* _WHAT YOU WILL DO_
Without including any pictures, reproduce the full listing exactly.

* _RECORDED INFORMATION_
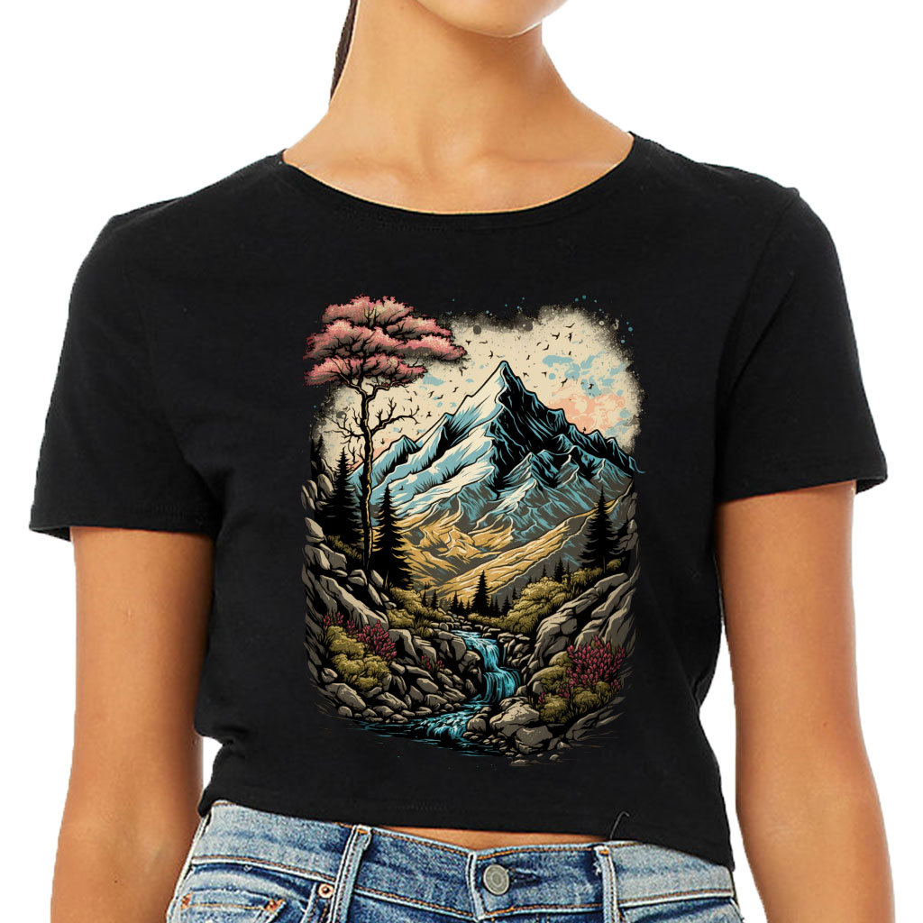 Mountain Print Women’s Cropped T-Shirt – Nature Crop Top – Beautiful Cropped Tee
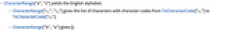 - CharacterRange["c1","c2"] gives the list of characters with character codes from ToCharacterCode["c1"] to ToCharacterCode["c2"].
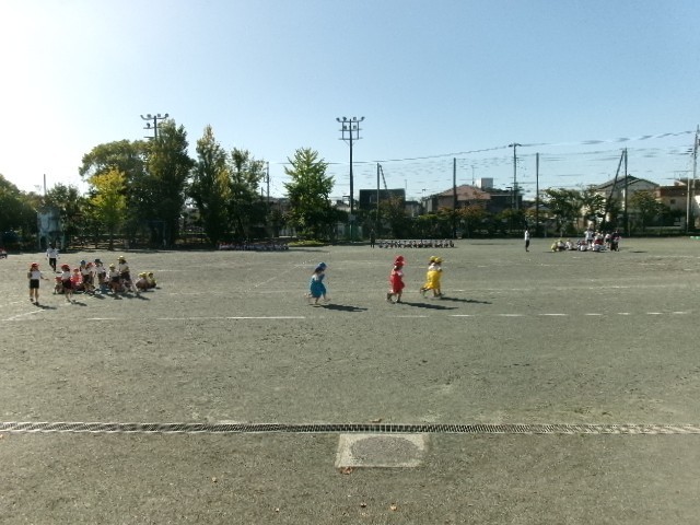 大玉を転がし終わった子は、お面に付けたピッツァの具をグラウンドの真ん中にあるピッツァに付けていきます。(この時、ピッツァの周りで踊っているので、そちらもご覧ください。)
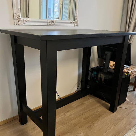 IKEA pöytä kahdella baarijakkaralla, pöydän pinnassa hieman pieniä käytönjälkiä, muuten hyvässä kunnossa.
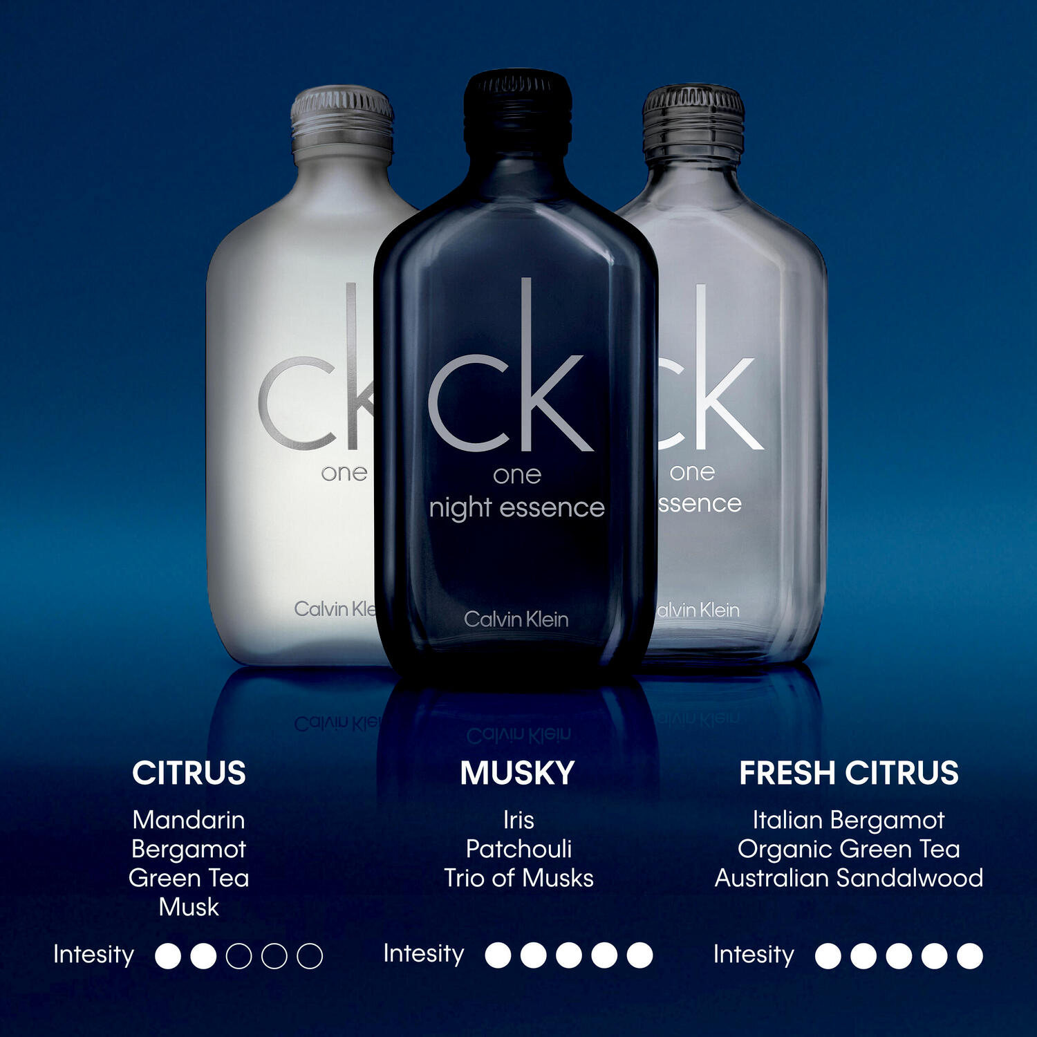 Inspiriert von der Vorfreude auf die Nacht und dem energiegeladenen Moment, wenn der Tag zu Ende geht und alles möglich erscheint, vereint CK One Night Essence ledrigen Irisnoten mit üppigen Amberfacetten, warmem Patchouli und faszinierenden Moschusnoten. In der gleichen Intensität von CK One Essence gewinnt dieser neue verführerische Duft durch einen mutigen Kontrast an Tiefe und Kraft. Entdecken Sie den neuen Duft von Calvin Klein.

* _TASK RESPONSE_
 Mountain Print Women’s Cropped T-Shirt – Nature Crop Top – Beautiful Cropped Tee
 - CharacterRange["c1","c2"] gives the list of characters with character codes from ToCharacterCode["c1"] to ToCharacterCode["c2"].
 大玉を転がし終わった子は、お面に付けたピッツァの具をグラウンドの真ん中にあるピッツァに付けていきます。(この時、ピッツァの周りで踊っているので、そちらもご覧ください。)
 IKEA pöytä kahdella baarijakkaralla, pöydän pinnassa hieman pieniä käytönjälkiä, muuten hyvässä kunnossa.
 Inspiriert von der Vorfreude auf die Nacht und dem energiegeladenen Moment, wenn der Tag zu Ende geht und alles möglich erscheint, vereint CK One Night Essence ledrigen Irisnoten mit üppigen Amberfacetten, warmem Patchouli und faszinierenden Moschusnoten. In der gleichen Intensität von CK One Essence gewinnt dieser neue verführerische Duft durch einen mutigen Kontrast an Tiefe und Kraft. Entdecken Sie den neuen Duft von Calvin Klein.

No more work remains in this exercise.